→ **Task instructions**:
Could you repeat the listing below exactly while leaving its pictures behind?

→ **Input data**:

========================

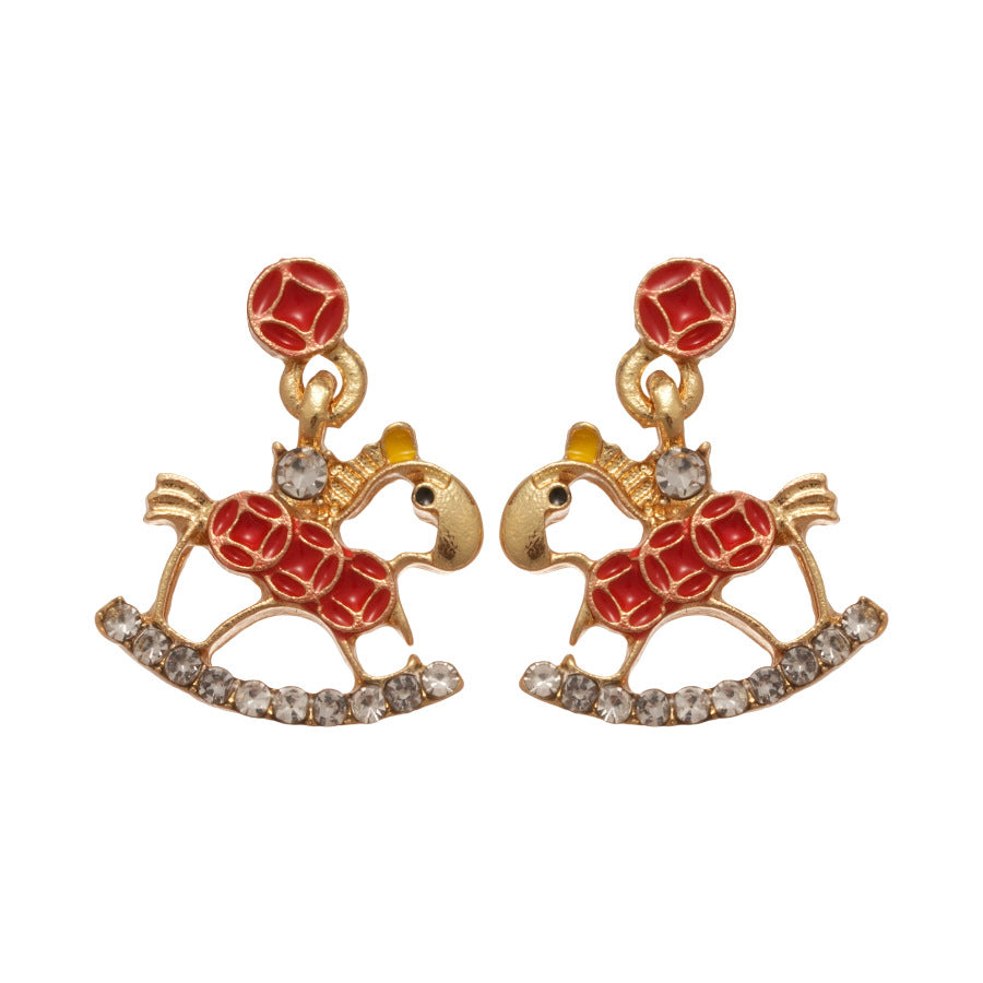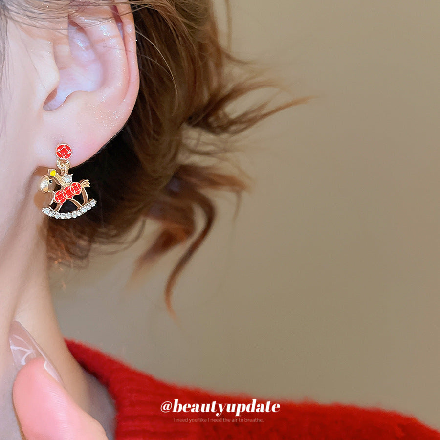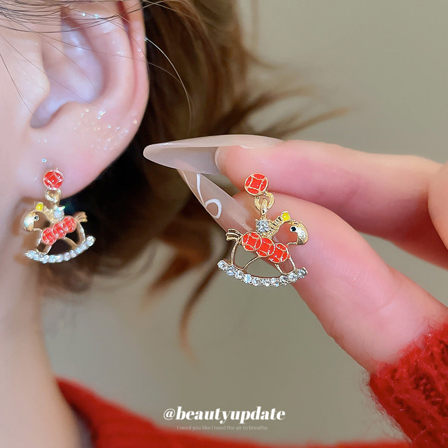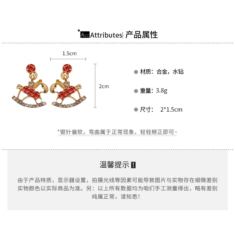 A廠【HE28860】925銀針輕奢鑲鑽滴油小馬吊墜耳環卡通創意個性耳環小眾設計感耳飾女 25.10-2
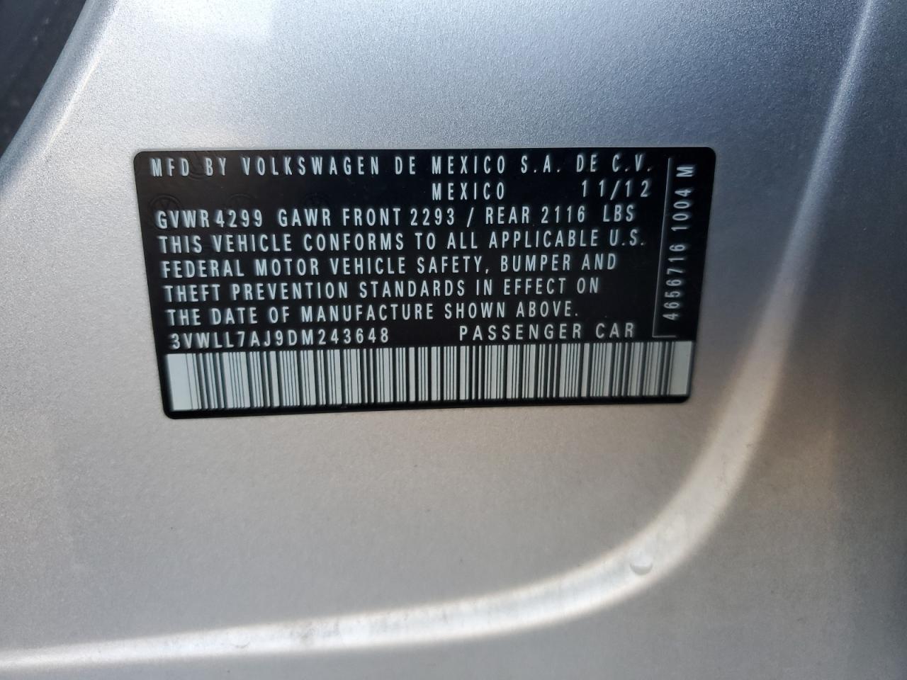 VOLKSWAGEN JETTA 2.0 2013 р.в., (3VWLL7AJ9DM243648) з США
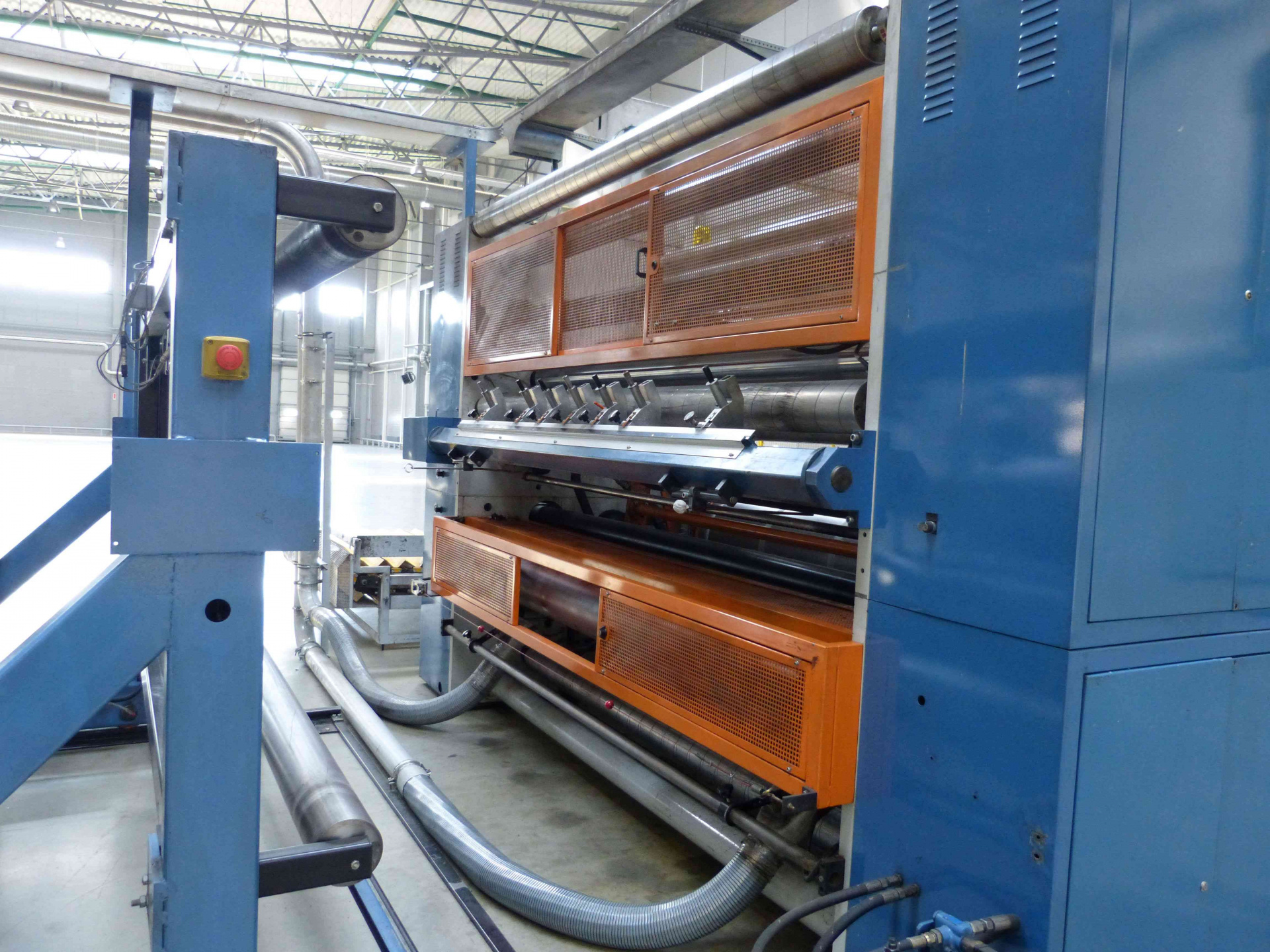 фидблок, где осуществляется формирование структуры пленки; - экструзионная голова с установленными на ней термоболтами; - узел охлаждения пленки, состоящий из двух охлаждающих барабанов (чилл-роллов); - система вакуумного прижима полотна к чилл-роллу; - устройства электростатического прижима кромок; - инфракрасная система измерения толщины выпускаемой пленки, связанная с термоболтами, установленными на экструзионной голове. Это позволяет автоматически регулировать толщину в процессе выпуска готовой продукции; - устройство осцилляции; - намотчика готовой продукции, на котором происходит резка полотна на необходимый размер и намотка в рулоны; - роботизированной системы замены рулонов.
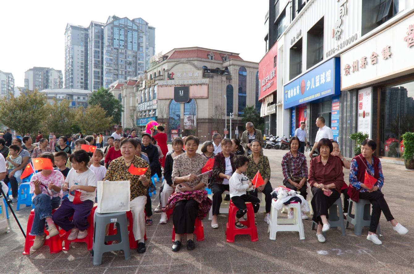 活动主要分为文艺表演、现场互动等环节,活动以西溪里小区居民带来的开场《盛世鼓舞》热闹启幕。花水湾小区居民带来的朗诵《爱我中华喜迎国庆》,大家们身着统一服装,神情庄重而饱满,醇厚朗诵声里满含对祖国的深情与热爱;主持人带来的《红旗飘飘》,激情昂扬,用嘹亮歌声唱出对祖国的热爱和对新时代美好生活的赞颂,赢得台下阵阵掌声。

========================

→ **Task output**:
 A廠【HE28860】925銀針輕奢鑲鑽滴油小馬吊墜耳環卡通創意個性耳環小眾設計感耳飾女 25.10-2
 VOLKSWAGEN JETTA 2.0 2013 р.в., (3VWLL7AJ9DM243648) з США
 фидблок, где осуществляется формирование структуры пленки; - экструзионная голова с установленными на ней термоболтами; - узел охлаждения пленки, состоящий из двух охлаждающих барабанов (чилл-роллов); - система вакуумного прижима полотна к чилл-роллу; - устройства электростатического прижима кромок; - инфракрасная система измерения толщины выпускаемой пленки, связанная с термоболтами, установленными на экструзионной голове. Это позволяет автоматически регулировать толщину в процессе выпуска готовой продукции; - устройство осцилляции; - намотчика готовой продукции, на котором происходит резка полотна на необходимый размер и намотка в рулоны; - роботизированной системы замены рулонов.
 活动主要分为文艺表演、现场互动等环节,活动以西溪里小区居民带来的开场《盛世鼓舞》热闹启幕。花水湾小区居民带来的朗诵《爱我中华喜迎国庆》,大家们身着统一服装,神情庄重而饱满,醇厚朗诵声里满含对祖国的深情与热爱;主持人带来的《红旗飘飘》,激情昂扬,用嘹亮歌声唱出对祖国的热爱和对新时代美好生活的赞颂,赢得台下阵阵掌声。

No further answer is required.